The choice of file format significantly impacts loading performance:

Parquet (recommended)CSVJSON
Compression5-10x better than CSVMinimalModerate
Performance5-10x more throughputSlower, especially for large filesSlower than Parquet due to parsing overhead
SchemaSelf-describing with embedded metadataRequires type inference or specificationFlexible but requires careful type handling. DuckDB scans data to discover the schema before running the query, which can add significant time for large or deeply nested files (see tips for loading JSON)
Best forProduction data loading, large datasetsSimple data exploration, small datasetsSemi-structured data, API responses

Avoid single-row INSERTs

A common mistake is inserting data one row at a time using repeated INSERT INTO ... VALUES (...) statements. This pattern is significantly slower than bulk loading because each individual INSERT statement incurs network round-trip overhead to MotherDuck and prevents DuckDB from parallelizing the work.

tip

Do not use single-row INSERT INTO ... VALUES statements to load data into MotherDuck. Instead, use bulk approaches like INSERT INTO ... SELECT from files, COPY, or load data from DataFrames. See Loading data into MotherDuck for recommended methods.

If you're working with a client library (Python, Node.js, Java), avoid looping over rows and calling execute("INSERT INTO ...") for each one. Methods like executemany also send individual INSERT statements under the hood and are equally slow. Instead, write your data to a file (Parquet or CSV) and load it with COPY or INSERT INTO ... SELECT, or use a DataFrame-based approach where available.

Performance optimization strategies

Batch size

DuckDB internally processes data in row groups of ~122,000 rows and parallelizes work across multiple row groups. This means batch size affects both memory usage and throughput:

Batch sizeWhat happens
1-100 rows (single-row INSERTs)Each statement has network and transaction overhead. Very slow — avoid this pattern entirely.
100K rowsFits in roughly one row group. Already a bulk operation and orders of magnitude faster than row-by-row. Good default chunk size when streaming from Python to manage memory.
1M+ rowsSpans multiple row groups, so DuckDB parallelizes across threads. Best throughput for large loads.
tip

When streaming data from a client library, load in chunks of at least 100K rows to keep memory manageable while staying well above row-by-row overhead. For maximum throughput on large datasets, aim for 1M+ rows per load operation to fully leverage DuckDB's parallelization.

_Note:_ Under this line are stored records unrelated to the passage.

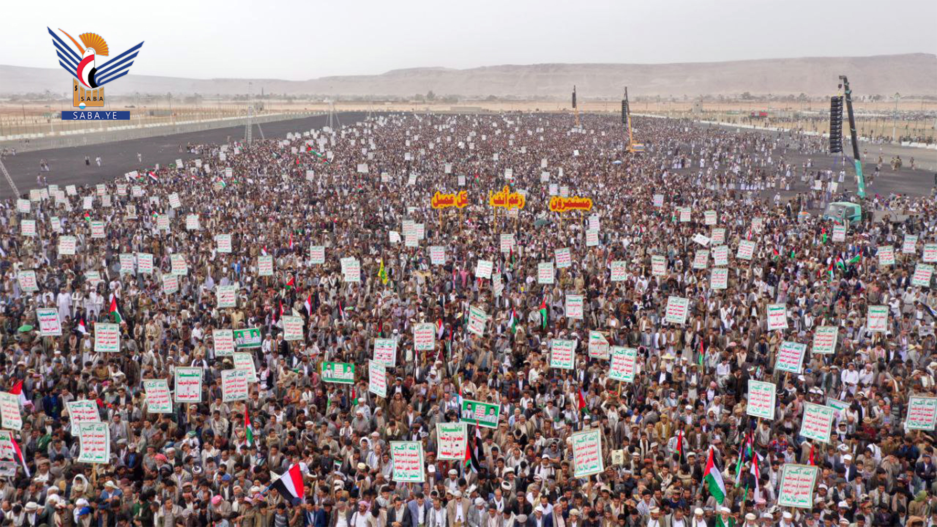 وجدّد بيان المسيرات العهد لقائد الثورة بعدم تراجع اليمن عن موقفه ولن يخذل الشعب الفلسطيني ولن يتفرج على معاناته وسيبقى موقفناً مستمراً ومتصاعداً.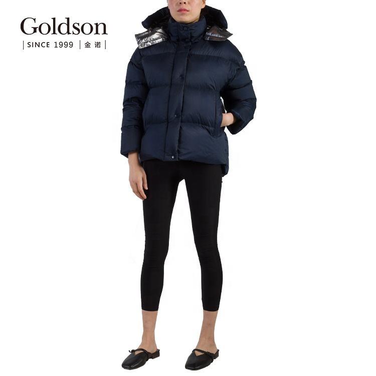 European Style Long Women's Bomber Jacket for Cold Winter Waterproof With Down Filling Nylon/Polyester Lining Decorative Pocket
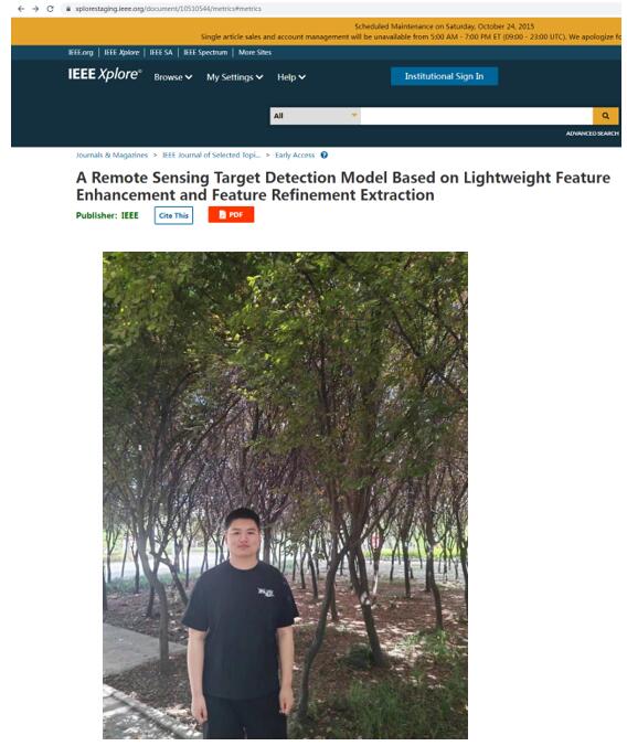 本网讯(员工记者/孙振)近日,公司2021级软件工程专业(智能软件开发方向)员工、校百度菁英班负责人周卓柯同学在中科院SCI二区期刊《IEEE Journal of Selected Topics in Applied Earth Observations and Remote Sensing》(IF=5.5),发表题为“A Remote Sensing Target Detection Model Based on Lightweight Feature Enhancement and Feature Refinement Extraction”的研究论文。该论文在郭东恩教授的精心指导下,成功录用,录用期刊影响因子5.5。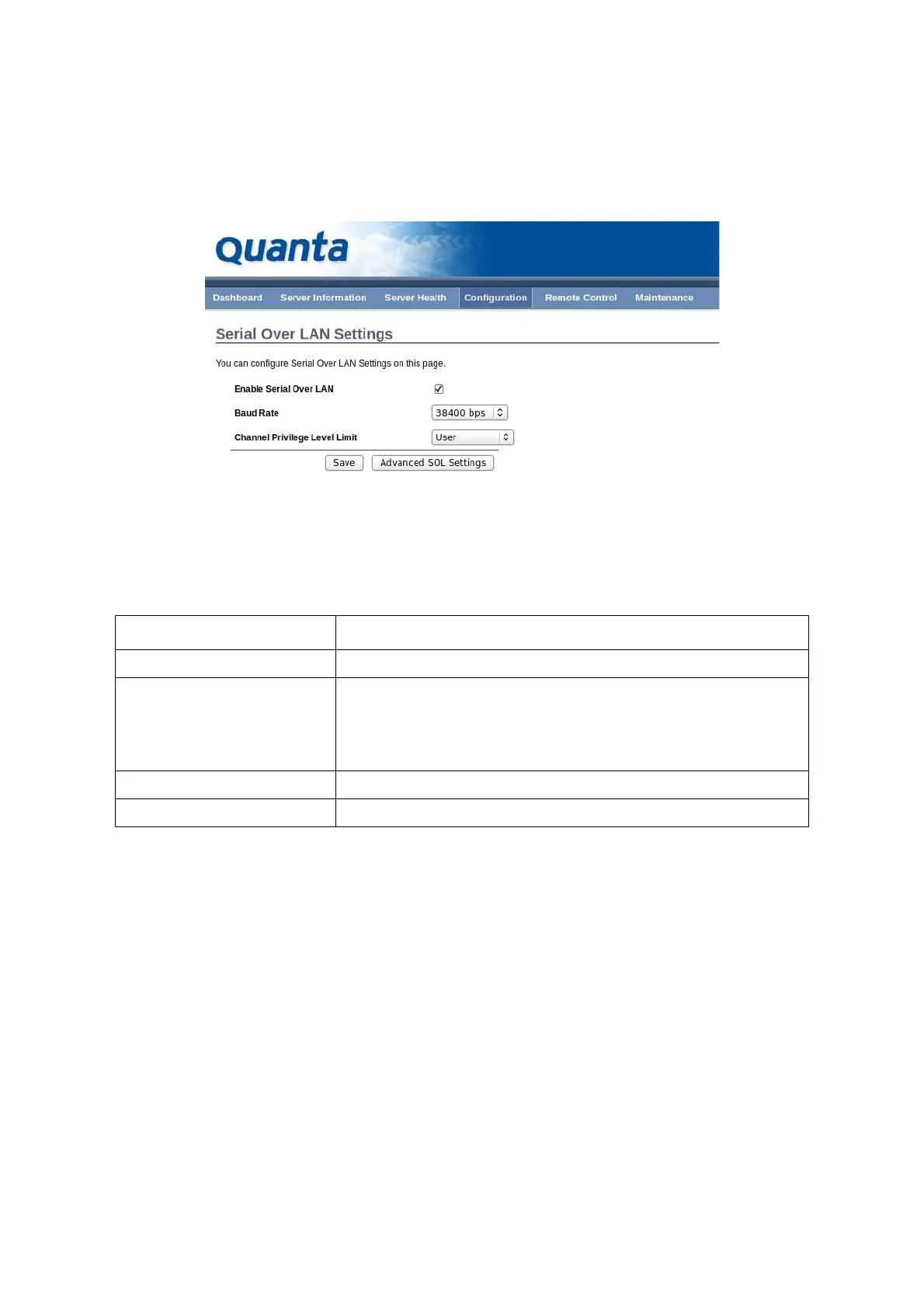Advanced SOL Settings Use this button to go to advanced SOL page.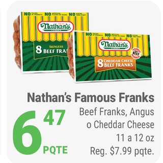 Nathan's Famous Franks Beef Franks, Angus o Cheddar Cheese 11 a 12 oz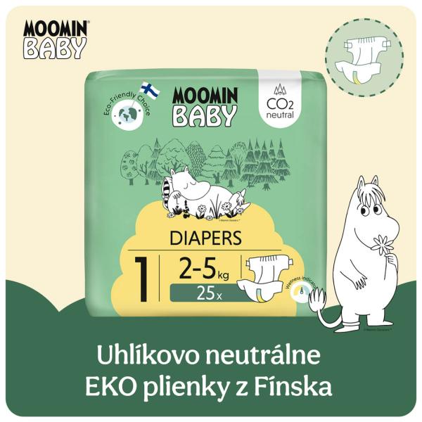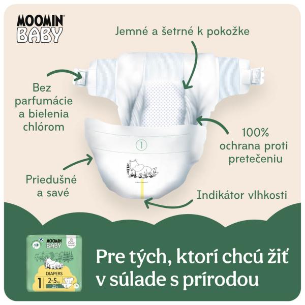 Citlivá pokožka novorozenců vyžaduje obzvlášť šetrné pleny – proto jsou tu Moomin Baby 1 Newborn, které jsou k dětské pokožce maximálně šetrné, bezpečné, extrémně spolehlivé, a navíc se speciálním střihem, díky kterému je chráněn pupek novorozených miminek. Pleny jsou hypoalergenní a mají certifikát Dermatest®. Jsou vyrobeny s podílem celulózy pocházející z finských lesů a s certifikátem FSC. Celulóza je při výrobě bělená pouze kyslíkem, takže jsou vhodné i pro tu nejcitlivější pokožku.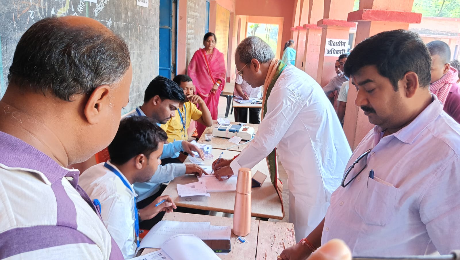 पूर्णिया के बनमनखी के स्थानीय विधायक कृष्ण कुमार ऋषि ने अपनी पत्नी के साथ मध्य विद्यालय रेसाढ़ दक्षिणी के बूथ 55 पर मतदान किया.
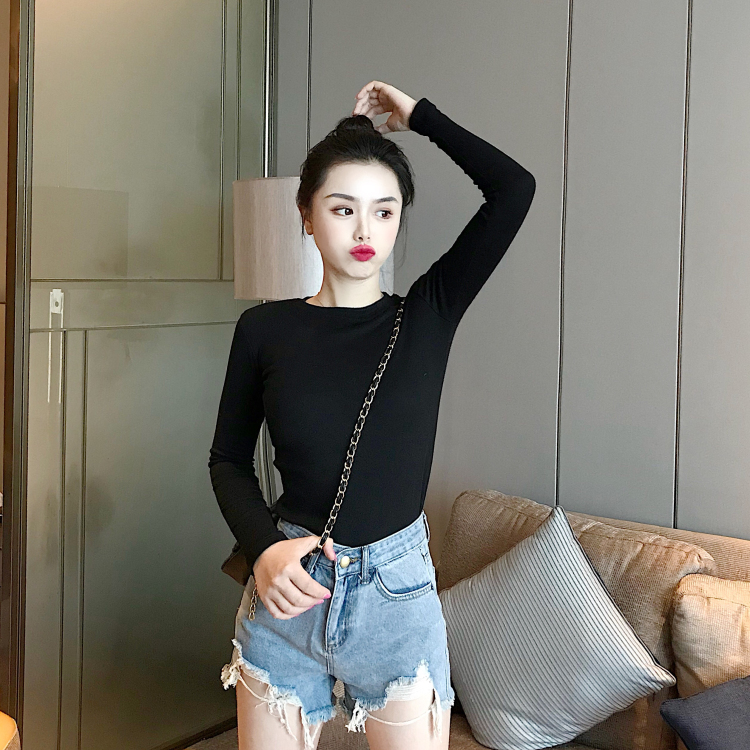 / chic早秋上衣女新款韓版復古百搭圓領修身打底高腰長袖磨毛T恤潮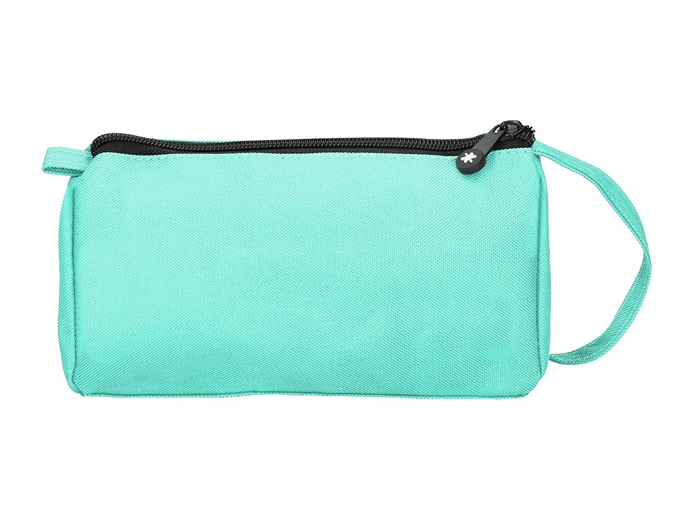 Bolso escolar portatodo Antartik con compartimento principal de gran formato con cremallera,bolsillos interiores laterales, solapa frontal con cremallera con acceso al interior. La solapa contiene 4 elásticos para boligrafos, subrayadores y grafito, y un bolsillo de red. Asa lateral. Color menta.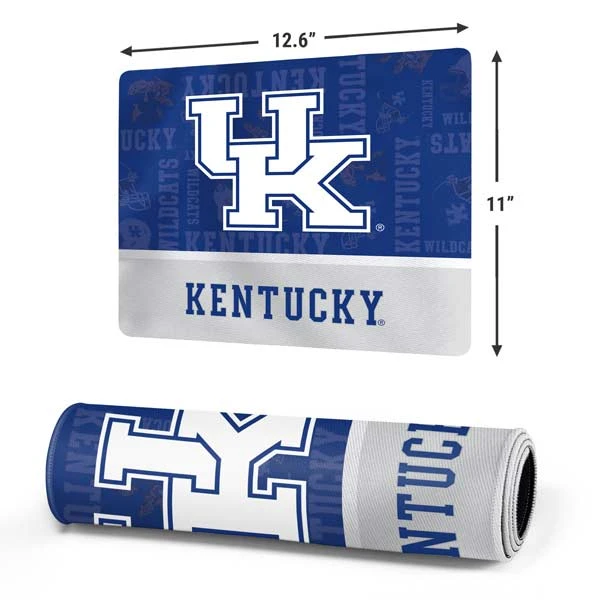 Personalize your entire desk while you stay in the game with the University of Kentucky Jersey Split Gaming Mouse Pad from Skinit. This University of Kentucky mouse pad has a 3mm plush rubber construction + a large surface, proving ample room for your gaming mouse, keyboard and more.

Keep individual transactions under roughly one minute. If you have tens of millions of rows, break them into multiple loads rather than one very large transaction.

Memory management

Effective memory management is crucial for large data loads:

Data Type Optimization

  • Use explicit schemas to avoid type inference overhead — this is especially important for JSON, where schema discovery can add minutes for large or deeply nested files
  • Choose appropriate data types (for example, TIMESTAMP for dates)
  • Avoid unnecessary type conversions

Sorting Strategy

  • Sort data by frequently queried columns during loading
    • To re-sort existing tables, use CREATE OR REPLACE with the preferred sorting method
  • Improves query performance through better data locality
  • Consider the trade-off between loading speed and query performance

Network and location considerations

Data Location

  • MotherDuck is available on AWS in three regions: US East (N. Virginia) - us-east-1, US West (Oregon) - us-west-2, and Europe (Frankfurt) - eu-central-1
  • For optimal performance, consider locating source data in the same region as your MotherDuck Organization
  • Consider network latency when loading from remote sources

Cloud Storage Integration

  • Direct integration with S3, R2, GCS, Azure Blob Storage
  • Use cloud storage to leverage network speeds for better performance
  • Reduces local storage requirements
  • Consider setting force_download=true when querying files stored in remote storage to accelerate response times. This could be useful in scenarios where it makes sense to download the full file upfront instead of making many small requests.

Duckling sizing

Duckling Selection

For data sets under 100 GB in size, use Jumbo Ducklings to load the data. For larger data sizes, use Mega or Giga.

Summary

The key to successful data loading in MotherDuck is understanding the trade-offs between different approaches and optimizing for your specific use case. Focus on:

  1. Bulk loading with at least 100K rows per chunk, and 1M+ for maximum throughput.
  2. If you can control how they are written from sources, use Parquet for compression and speed
  3. Write data into S3 for speedy reads.
  4. Use larger Duckling sizes (Jumbo or bigger) for loading bigger data sets.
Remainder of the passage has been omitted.